'''

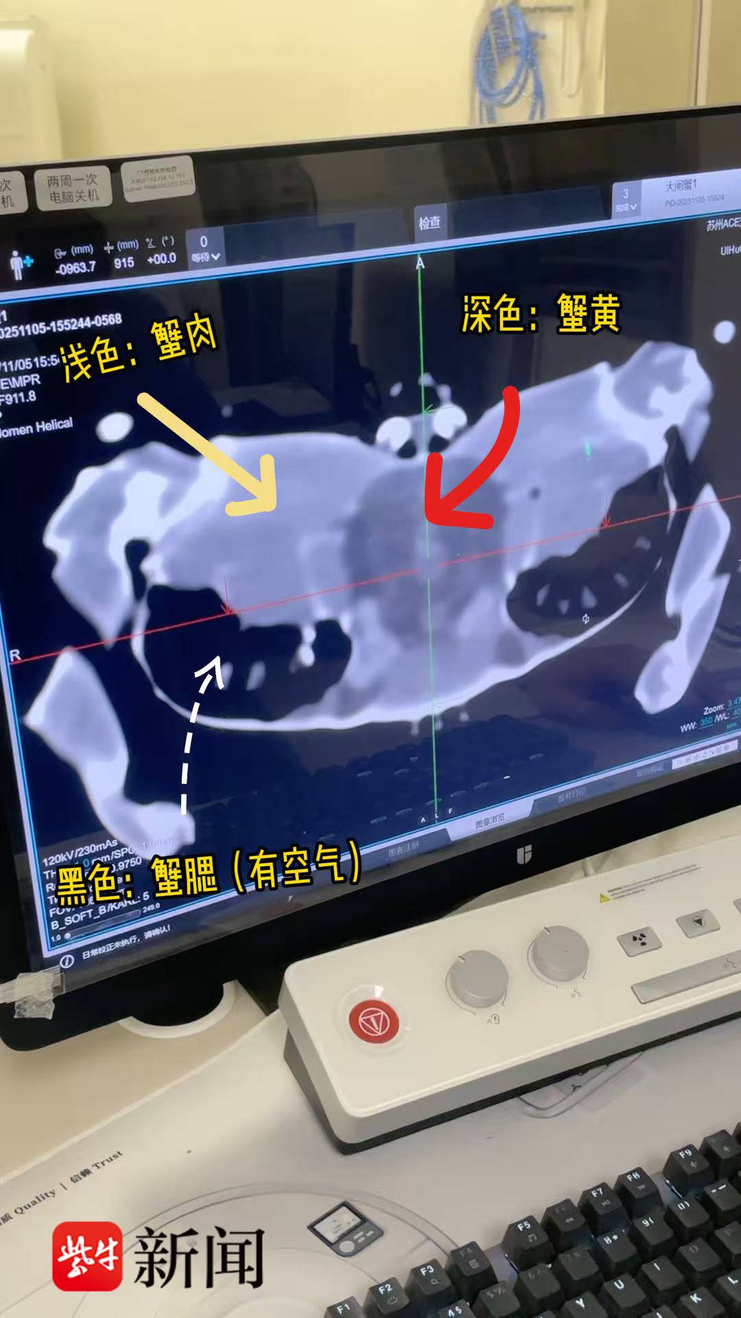 郑朱慧引领记者来到电脑旁,操作起电脑,将当时扫描螃蟹所得到的CT影像清晰地展示在屏幕上。她向记者介绍道,由于蟹黄和蟹肉在物质密度上存在明显差异,所以在CT影像里,二者能够被精准且清晰地区分开来。郑朱慧指着影像介绍,此次扫描将螃蟹进行了横断切割,共分成了10层,整个影像就像一张“蟹体剖面图”,螃蟹内部的情况毫无保留地呈现出来。“影像中这片呈黑色的区域是蟹鳃,这片颜色稍浅一些的是蟹肉,而颜色较深的这片区域,就是蟹黄了,位置和形态都一目了然。”
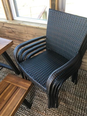 Salons 6pc Acacia & Wicker Dining Set - Teak/Brown - Christopher Knight Home: Weather-Resistant, Stackable Chairs, Galvanized Steel Hardware
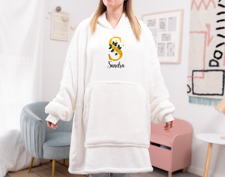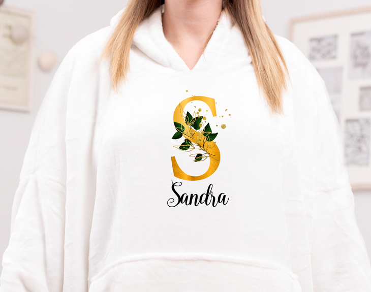 ¿A quién no le apetecería disfrutar de un día de lluvia metido en casa, bien calentito, y viendo una película en el sofá junto a tu familia? ¡Puedes completar este planazo con este snuggie personalizado oversize! Si eres de esas personas que pasan muchísimo frío con la llegada del invierno... ¡Esta batamanta personalizada es justo lo que estabas buscando! Esta fusión de manta calentita y sudadera bata con capucha hace que el snuggy con diseño de nombre sea una de las prendas más peculiares con las que puedes vestirte en casa. Hecha de 100% poliéster y de color blanco o negro, este snuggy es de talla única (cuyas medidas son de 93x94 centímetros) y es perfecto para ponérselo durante el invierno. ¿Y qué mejor regalo original para esa persona a la que siempre le gusta ir elegante por su casa que un snuggie con nuestro diseño de letras botánicas? ¡Estas iniciales son perfectas para decorar cualquier prenda! Para personalizarlo solo tendrás que entrar en el área de personalización y escoger esa letra que quieres para tu regalo, escogiendo también entre los diferentes colores disponibles. Este producto es de talla única. Material: poliéster. Color: blanco o negro. Medidas aproximadas: 90 centímetros de largo x 90 centímetros de ancho (de axila a axila)

'''

Work to be completed → Only exact repeats of the lines from the one containing "Salons 6pc Acacia" through the end of the listing above are wanted here; pictures are not.

Response below →
 Salons 6pc Acacia & Wicker Dining Set - Teak/Brown - Christopher Knight Home: Weather-Resistant, Stackable Chairs, Galvanized Steel Hardware
 ¿A quién no le apetecería disfrutar de un día de lluvia metido en casa, bien calentito, y viendo una película en el sofá junto a tu familia? ¡Puedes completar este planazo con este snuggie personalizado oversize! Si eres de esas personas que pasan muchísimo frío con la llegada del invierno... ¡Esta batamanta personalizada es justo lo que estabas buscando! Esta fusión de manta calentita y sudadera bata con capucha hace que el snuggy con diseño de nombre sea una de las prendas más peculiares con las que puedes vestirte en casa. Hecha de 100% poliéster y de color blanco o negro, este snuggy es de talla única (cuyas medidas son de 93x94 centímetros) y es perfecto para ponérselo durante el invierno. ¿Y qué mejor regalo original para esa persona a la que siempre le gusta ir elegante por su casa que un snuggie con nuestro diseño de letras botánicas? ¡Estas iniciales son perfectas para decorar cualquier prenda! Para personalizarlo solo tendrás que entrar en el área de personalización y escoger esa letra que quieres para tu regalo, escogiendo también entre los diferentes colores disponibles. Este producto es de talla única. Material: poliéster. Color: blanco o negro. Medidas aproximadas: 90 centímetros de largo x 90 centímetros de ancho (de axila a axila)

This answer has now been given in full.